WASHINGTON — Longstanding tensions between organized labor groups and Wal-Mart Stores ratcheted up last week at the kickoff to the holiday shopping season.

As SN went to press last week, Wal-Mart was seeking federal intervention to prevent employee groups from disrupting “Black Friday” sales at its stores, as a result of pickets and strikes threatened by union-backed groups of its own workers. The posture represented an abrupt change for Wal-Mart, which earlier this year publicly dismissed similar protests as “publicity stunts.” Moreover, sources said, it provided a peek into the mindset of the retailer and the labor union determined to organize its workers at the dawn of a second term for president Obama.

In an unusual move for the Bentonville, Ark.-based company, Wal-Mart filed an unfair labor practice charge with the National Labor Relations Board, saying that worker walkouts and demonstrations by the group OURWalmart over recent months amounted to union picketing in excess of the 30-day limit federal law without a petition to join a union. This type of charge requires “priority” handling by the NLRB, which last week was scurrying to come to a ruling before courts closed for the Thanksgiving holiday.

The NLRB complaint by Wal-Mart was its first in a decade, the New York Times reported.

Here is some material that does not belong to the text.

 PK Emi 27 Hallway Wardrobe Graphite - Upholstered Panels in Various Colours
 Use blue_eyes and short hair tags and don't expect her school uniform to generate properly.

While it was unclear early last week what if anything would come of Wal-Mart’s charge, the filing appeared to be an attempt by Wal-Mart to set the boundaries for a battleground where its opponent is energized by having mobilized a small portion of Wal-Mart’s own forces against it, according to Don Schroeder, a Boston attorney who specializes in specializes in employment policy and collective bargaining for Mintz Levin.

“I think principally, Wal-Mart is driving a stake in the ground in an attempt to get the NLRB thinking about putting some limitations upon the unions that have engaged in this ongoing campaign against Wal-Mart,” Schroeder told SN.

Wal-Mart argues that the United Food and Commercial Workers union is behind efforts from employees groups including OURWalmart and Making Change at Wal-Mart, which have called attention to what they consider to be unjust conditions for Wal-Mart workers by staging walkouts beginning in October. Making Change, a coalition led by the UFCW, said there were plans for action at as many as 1,000 Wal-Mart stores leading up to and on Black Friday.